Researchers keep it up developing new medication to fight cancer, and whereas some square measure so effective, others ne’er full-fill their promise.
A new study currently explains why some cancer medication might not add the method their developers suppose they are doing. But within the problem also lies the solution.
Cancer affects many individuals around the world, and in some cases, it does not respond to the forms of therapy that doctors usually prescribe.
For this reason, researchers keep it up trying to find the ever simpler medication that may stop cancer in its tracks. Sometimes, these new medical specialties live up to their developers’ expectations, whereas at alternative times they let down.

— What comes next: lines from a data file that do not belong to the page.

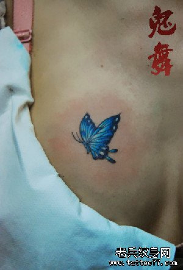 女生胸前流行的彩色蝴蝶纹身图案_蝴蝶纹身图案大全_纹身图吧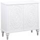Put the last touches on a stylish space with the added storage and impeccable style of a modern accent cabinet. Featuring two decorative magnetic push-to-open doors, it's the perfect addition in any space, offering ample interior space with an adjustable shelf. The top creates space for decor or to highlight beautiful artwork hung above. The cabinet boasts a crisp white finish, bringing light, refined character to a pair of floral medallion doors. Curvy legs feature silver-toned caps, adding a hint of contrast and dimensionality in any room.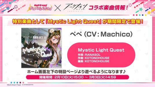 コラボの開催を記念し、2月10日(火)15時に、アークナイツのEP曲『Mystic Light Quest』の原曲の期間限定での登場が決定いたしました。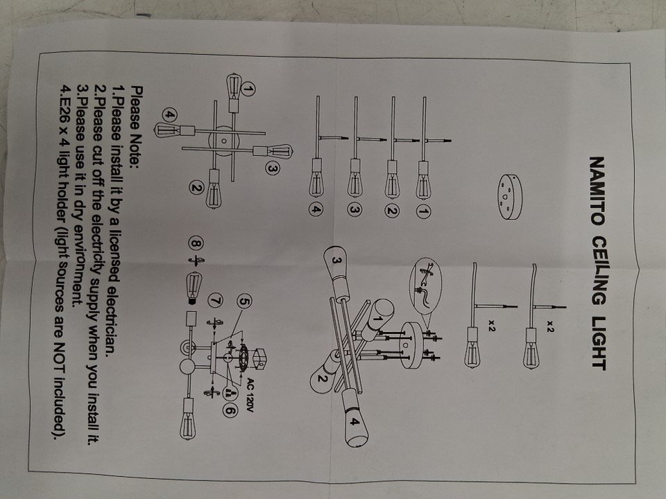 Please note that the item is meant to be hardwired and was not tested at our facility. There are no bulbs included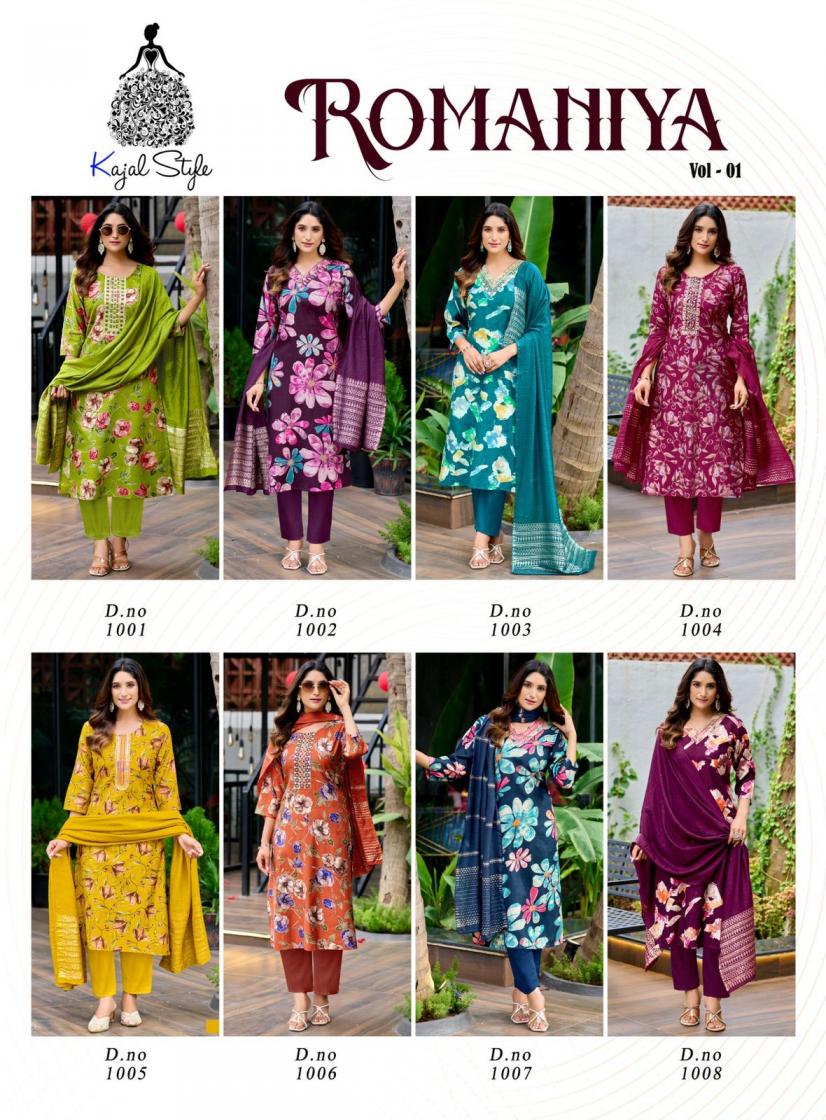 Looking for KAJAL STYLE ROMANIYA VOL 1 FANCY VERTICAN FULL STITCH PLUS SIZE 3PCS DRESS Full Catalouge at Best Price? Buy Now KAJAL STYLE ROMANIYA VOL 1 FANCY VERTICAN FULL STITCH PLUS SIZE 3PCS DRESS at Wholesale Rate of Rs 4680 with Total 8 Pcs from authroized dealer and supplier of Kajal Style Brand. Cost of Each piece is just only Rs 585 which is very low and affordable price to resale the product in your retail store. rrgandhi is Surat based Wholesale Supplier & Dealer of Kajal Style Brand. Click on Brand name to Know more about Brand's products.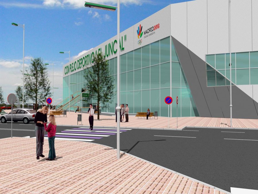 Propuesta de infografía del Complejo deportivo el Juncal en Torrejón de Ardoz. Vista desde calle Londres izquierda.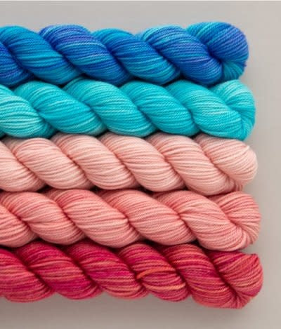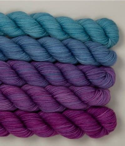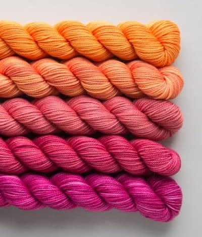 A perfect blend of warmth and strength to make a hardwearing sock yarn that can stand up to your affection and abuse. Tough Love Sock is our best-selling yarn and knits up beautifully into fine-gauge sweaters, small shawls, as well as socks! Spun from 80% superwash and super soft merino and 20% nylon, this 3-ply yarn is so versatile — knit it firmly for hard wearing socks, knit it loosely for drapey shawls, or knit it doubled for a great worsted weight substitute. Hand-dyed in Canada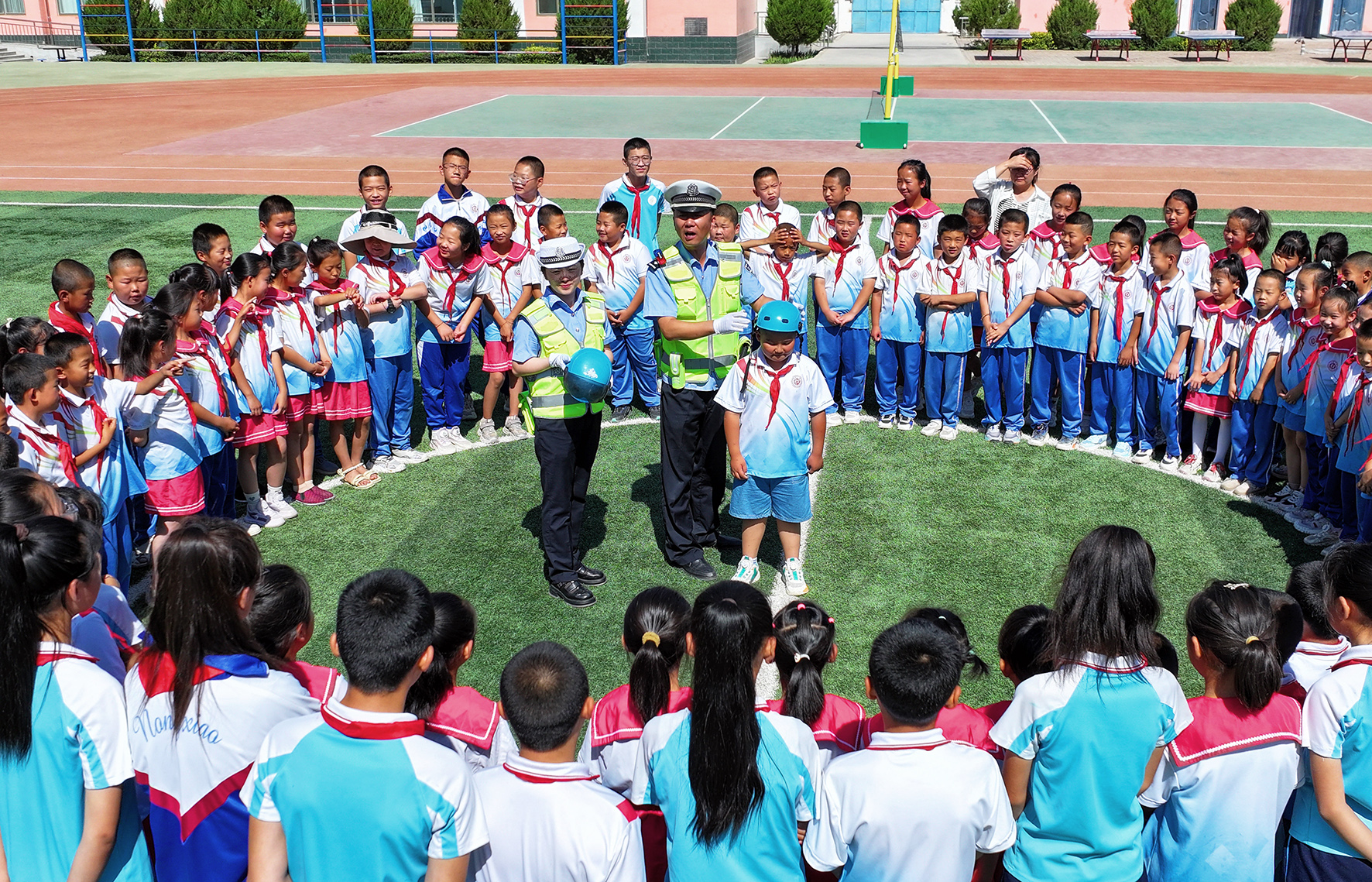 7月2日,甘肅省臨澤縣公安局交警大隊(duì)民警走進(jìn)新華農(nóng)場(chǎng)小學(xué),通過(guò)現(xiàn)場(chǎng)授課、體驗(yàn)VR眼鏡、學(xué)做交通手勢(shì)、認(rèn)識(shí)交通指示牌等寓教于樂(lè)的方式向?qū)W生們普及交通安全知識(shí)。

As the explore for improved metastatic tumor medication continues, a replacement study has discovered that a lot of the new medications that work usually target completely different mechanisms than those the scientists intended them for. This may additionally make a case for why several new medications fail to figure.
The finding comes from a team of scientists at the Cold Spring Harbor Laboratory in New York, who originally set out to study a different issue. Jason Sheltzer, Ph.D., and the team initially wanted to identify the genes that had links to low survival rates among people receiving cancer treatment.
But this work led them to find something they did not expect that MELK, a protein formerly linked with cancer growth, does not affect tumor progression. Because cancer tumors contain high levels of MELK, researchers had thought that cancer cells used this supermolecule to proliferate.
They thought that by stopping MELK production, this would also slow down tumor growth. However, Sheltzer and colleagues found that this was not true.
If a therapeutic target that researchers believed to control most promise didn’t add the method that scientists had expected, could this also be true of other therapeutic targets? “My intention was to researchable whether or not MELK was an aberration,” notes Sheltzer.